By the time I knew her, she was a bird with wrinkled skin the texture of feathers. Everything about her was soft, her birdy chortle of a laugh, her words as she said, “My lands!” and slapped her soft knee. Her nose grew beaklike, too, and everything about her diminished except her bright, dark bird eyes, watching the world sharply.
My father’s mother stood upright in my youngest years, holding my fingers as I learned to walk on the stepping stones in her yard. As I grew taller time bent her spine into an archer’s bow, the invisible line of gravity pulling more taut each year until her body inscribed a letter C or a question mark. Then the C closed and she became a small tidy bird with her head very nearly tucked under her wing. Her arthritic hands were small letter Cs, also, with gothic knobs and twisted calligraphy.
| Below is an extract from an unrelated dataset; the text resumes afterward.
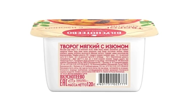 Творог Вкуснотеево мягкий с изюмом 5% 120 г / Супермаркет

It’s Satchmo who makes me think of Grandma these days, how my brothers and I loved to have Grandma as a babysitter. When we slept over at her house, she fed us stacks of Twinkies and let us stay up to watch Johnny Carson with her, playing rummy until we were all maniacally wound-up. So my mother thought to have Grandma babysit at our own house, instead, thinking we children would get more sleep. My parents would leave the house, exacting promises that we would take it easy on Grandma. As soon as she left the living room for the kitchen, my older brother would leap up on the couch and change the hands of the big clock, to put off bedtime by another hour. Then we would call her into the living room while Burl changed the kitchen clock, to match. And sooner or later she would settle in a comfortable chair, trying to figure out what to do with three rambunctious children. Immediately the cat would climb onto her lap and she would start the bird dance of shooing away a persistent animal. My brothers and I found this endlessly entertaining, as she grew more flustered until she shouted at us to get “that varmint” away from her.
Satchmo, too, is drawn to the family member who is least likely to want him, and that is Scott. Satchmo is not a lap-climbing kitty, yet, but meows incessantly at Scott until he is petted and scratched to his heart’s content.
Somehow I doubt I will ever hear the word “varmint” used again by a person truly at home with the word. In mountain terrain there is a large furry mammal called a “marmot,” which sounds enough like varmint in my mind that every mention of the animal makes me smile and think of my birdlike grandmother and her twinkling eyes, as sometimes, just at the right time, the cat would walk to her lap on quiet feet and sneak quietly in, and my varmint-hating Grandma would rest her c-shaped hand onto the warm cat until both were calm enough not to notice the passing of time.
“I think he likes you,” I would whisper.
“Well, I don’t like him,” she’d say, “but he’s alright for now. As long as the varmint is sleeping.” And if conditions were right she would fall asleep, too, in the big rocker, my tired old bird grandma plumb worn out by her grandchildren, her lap a nest for a wild varmint with a loud purr.